Amidst the uncertainty, it is clear that employers will see premium increases in 2014 when PPACA is fully implemented. While there are a variety of options to mitigate PPACA’s cost impact, employers must be mindful of employment law and ERISA implications when making such changes. Preplanning is essential. Employers considering workforce realignment, reduction in work-force, or benefit modifications should be discussing approaches with their consultants and advisors now. Proper compliance will likely require implementing certain changes in 2013 in order to satisfy any applicable “look-back” period requirement for 2014.
Wallace Welch & Willingham remains your committed partner
in PPACA compliance and looks forward to working with
each client on proper PPACA planning and strategy.
Some next steps Employers need to be thinking about:
1). Review your benefit offerings to make sure they meet the guidelines of essential coverage.
2). Watch your mail for notice of the MLR rebate and determine how you will distribute if your
3). Confirm with your carrier that your plan has been amended to comply with the Women’s Preventive Care provisions. Must comply as plans renew beginning 8/1/12.
4.) Be on the lookout for your new Summary of Benefits and Coverage. Carriers are required to provide these for open enrollments/plan years beginning 9/23/12.
5.) If you have a Flexible Spending Account (FSA) you will need to check the allowable maximum. It is now restricted to $2,500 per person up to $5,000 per family.

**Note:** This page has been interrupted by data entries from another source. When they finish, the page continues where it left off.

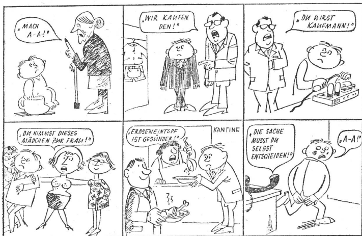
«Die Entscheidung oder ein Menschenschicksal» heisst die Ueberschrift zu diesem Bilderbogen. Wozu sich ergänzen liesse, dass der Staat den DDR-Bürgern noch mehr Entscheidungen abnimmt.
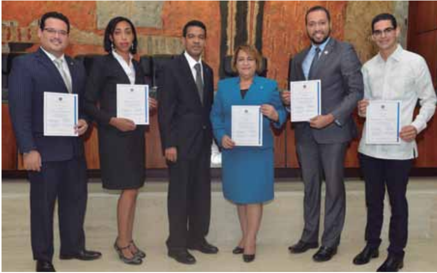
Los ganadores recibieron su certificado de concurso de ética judicial

El Poder Judicial celebró el acto de premiación a nivel nacional del X Concurso Internacional de Trabajo Monográfico en torno al Código Iberoamericano de Ética Judicial en su Octava edición, bajo el tema "Transparencia".
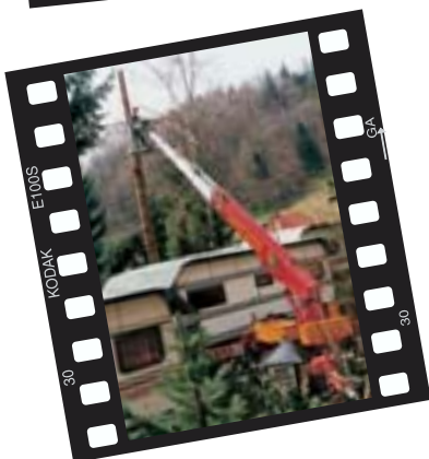
Fa. Seeböck am Campingplatz in Tünnitz bei Baumfällarbeiten

Auch bei der nächsten Ausgabe des Bühnenspiegels ist diese Seite für Ihre Einsatzfotos reserviert. Die Einsendungen der in der nächsten Ausgabe veröffentlichten Einsatz-Fotos werden mit einer Original DENKA-LIFT-Pilotenjacke belohnt.
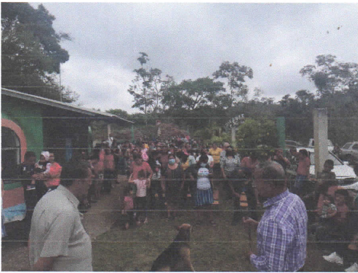
Elección Patronato Las Americas
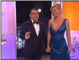
Jorge Javier Vázquez y Belén Esteban
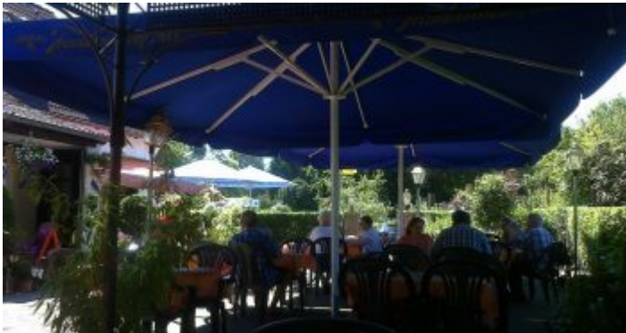
Biergarten im KGV Stoffeln im Südpark

Im Südpark samt Volksgarten gibt es insgesamt drei Biergärten sowie ein richtig feines Restaurant und das Café am Kinderbauernhof. Am wenigsten bekannt ist aber der absolut urige Biergarten im Kleingartenverein Stoffeln. Der liegt an der Gabelung von Stoffeler Kapellenweg und In den Großen Benden, ist also prima mit dem Auto (von der Werstener/Moorenstraße aus) und mit dem ÖPNV (Haltestelle Uni Nord/Christophstraße) zu erreichen. Typischer kann die Gastronomie einer Schrebergartenkolonie kaum sein. Man sitzt in dicht mit Pflanzen aller Art umschlossenen Hof unter großen Schirmen; in der Voliere zwitschern Vögel, und an den Tischen sitzen vor allem Vereinsmitglieder und ihre Freunde. Schon seit vielen Jahren wird hier balkanesisch gekocht, wobei natürlich auch die üblichen Schnitzel und andere gutbürgerliche Speisen gereicht werden. Der Service ist enorm freundlich und immer zu einem Schwätzchen aufgelegt, wenn es nicht gar so voll ist. Viele Stammgäste kommen mindestens einmal die Woche zum Abendessen – außer dienstags, da hat der Biergarten geschlossen.
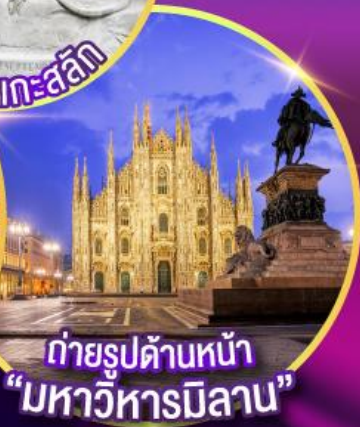
ถ่ายรูปด้านหน้า "มหาวิหารมิลาน"
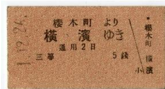
昭和元年12月26日の乗車券 (昭和時代最初期の日付)
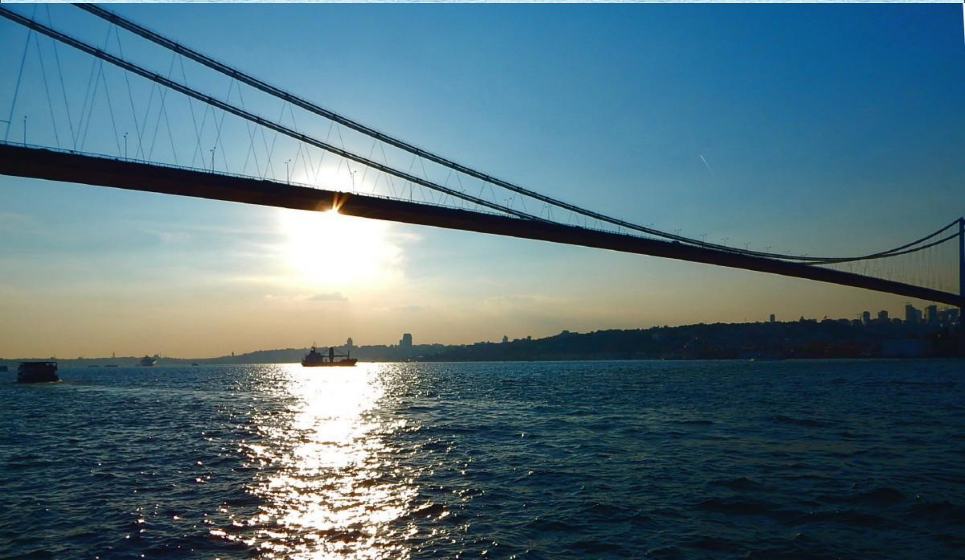
Západ slunce nad bosporským mostem
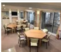
デイサービス我が家 山鼻の家 (定員18名) TEL:011-520-7107
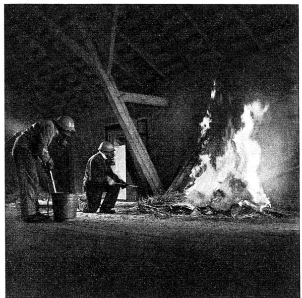
On lutte contre l'incendie avec des extincteurs et des seringues.
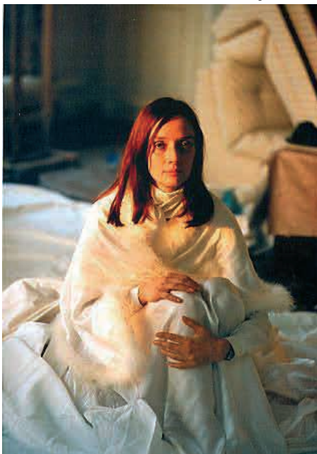
Niki de Saint Phalle

Niki de Saint Phalle naskiĝis en Francio la 29-an de oktobro 1930 kaj el-
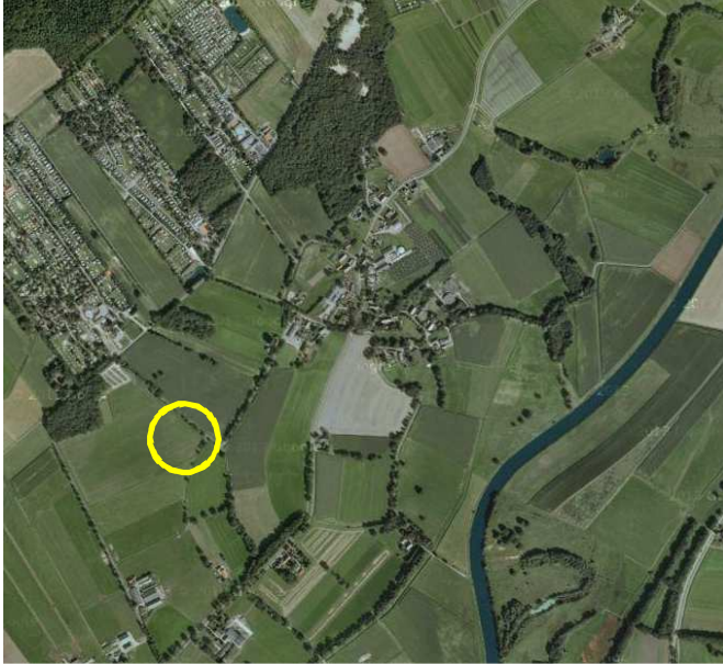
Situering van het onderzoeksgebied. Deze wordt met de gele cirkel aangeduid.

Het onderzoeksgebied is gesitueerd aan de Peppelweg (ongenummerd) in Rheeze. Het ligt in het buitengebied, ca. 1 kilometer ten zuidwesten van de kern Rheeze. Op onderstaande luchtfoto wordt de globale ligging van het onderzoeksgebied weergegeven met de gele cirkel.
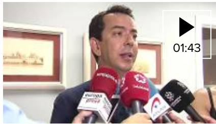
📹 El abogado del Guardia Civil de 'La Manada' da explicaciones
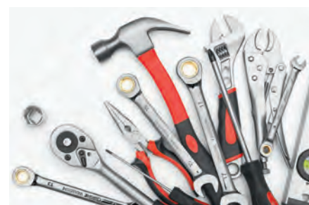
Fabrico de ferramentas
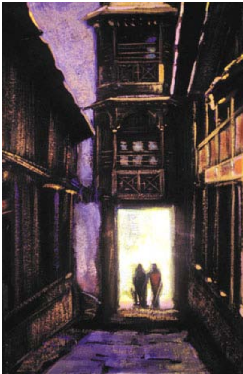
С.Н. Рерих. Тибет
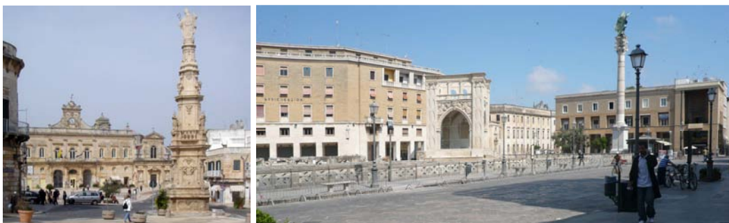
La piazza di Ostuni e la piazza sant'Oronzo a Lecce

E questo contrappunto ha subito un senso. Sant'Oronzo è anche il protettore di Lecce – che ha a sua volta nella piazza principale una colonna con il medesimo Santo – e la guglia di Ostuni, così ricca e ridondante, vuole sottolineare nel confronto la crescente prosperità della città, dovuta soprattutto alle masserie, e la consapevolezza di sé di un ceto proprietario che intende esaltarla in una nuova piazza aperta appena fuori porta, quella porta della quale restano oggi solo le fondazioni, con i suoi nuovi palazzi davanti alla chiesa dello Spirito Santo e su lungo la strada adiacente, via Imbriani, fino all'antica chiesa dell'Annunziata.
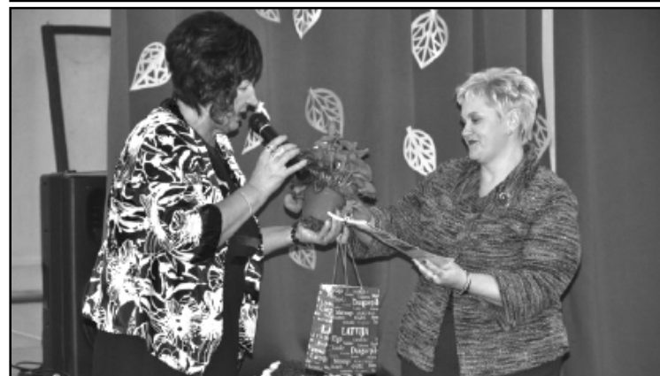
Foto no Krustpils pamatskolas karoga iesvētīšanas pasākuma
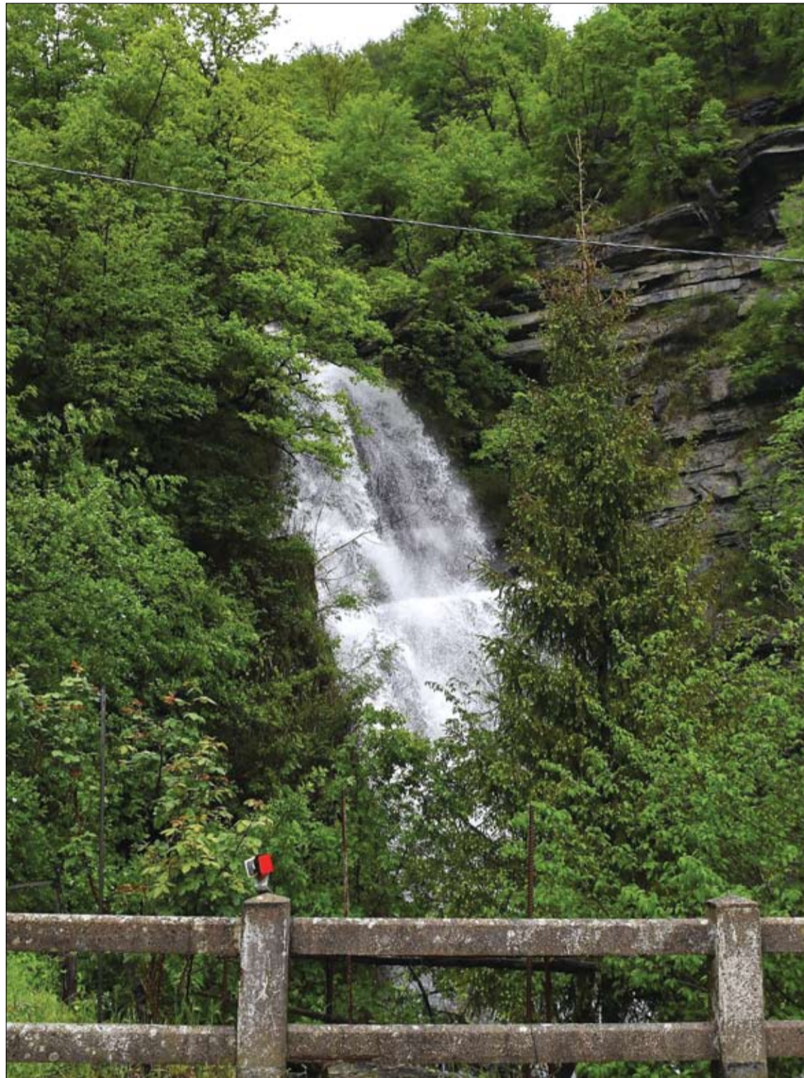
منظر لشلال في فيورنوزولا بإيطاليا بينما تتعرض منطقة إميليا رومانيا بشمال إيطاليا لأمطار غزيرة.

وأفادت Science أنهم يشهدون تحسينات مماثلة.
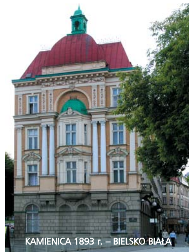
KAMIENICA 1893 r. – BIELSKO BIAŁA

Nasze atuty to trwałość i estetyka produkowanej stolarki otworowej.
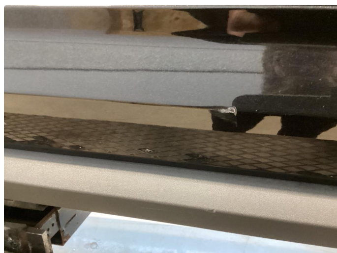
1.4 Liten p-bulk og flere kraftige knast gjennom lakk venstre baddör

6.) Employers who submit 250 or more W2 for 2012 must include the value of health care coverage in box 12 on employees W2. Check with your payroll vendor to make sure this amount can be tracked and reported.
Looking further ahead 2014 marks the deadline for many of the major provisions in Obama Care. Individual mandates begin, wellness initiatives are strengthened, automatic enrollment is mandated, waiting periods are restricted, penalties for NOT providing coverage begin, exchanges roll out, pre-existing provisions are eliminated and premium subsidies for lower income individuals become available.
Wallace Welch and Willingham is monitoring the events as they unfold and will keep you up to date on steps towards compliance. We welcome your questions and will be happy to assist.
This legislation still has many voids and unanswered issues. We anticipate seeing significant clarification and revision. The 2012 presidential election could also have significant impact on the Affordable Care Act. So, for some employers “wait and see” may still be the best next step.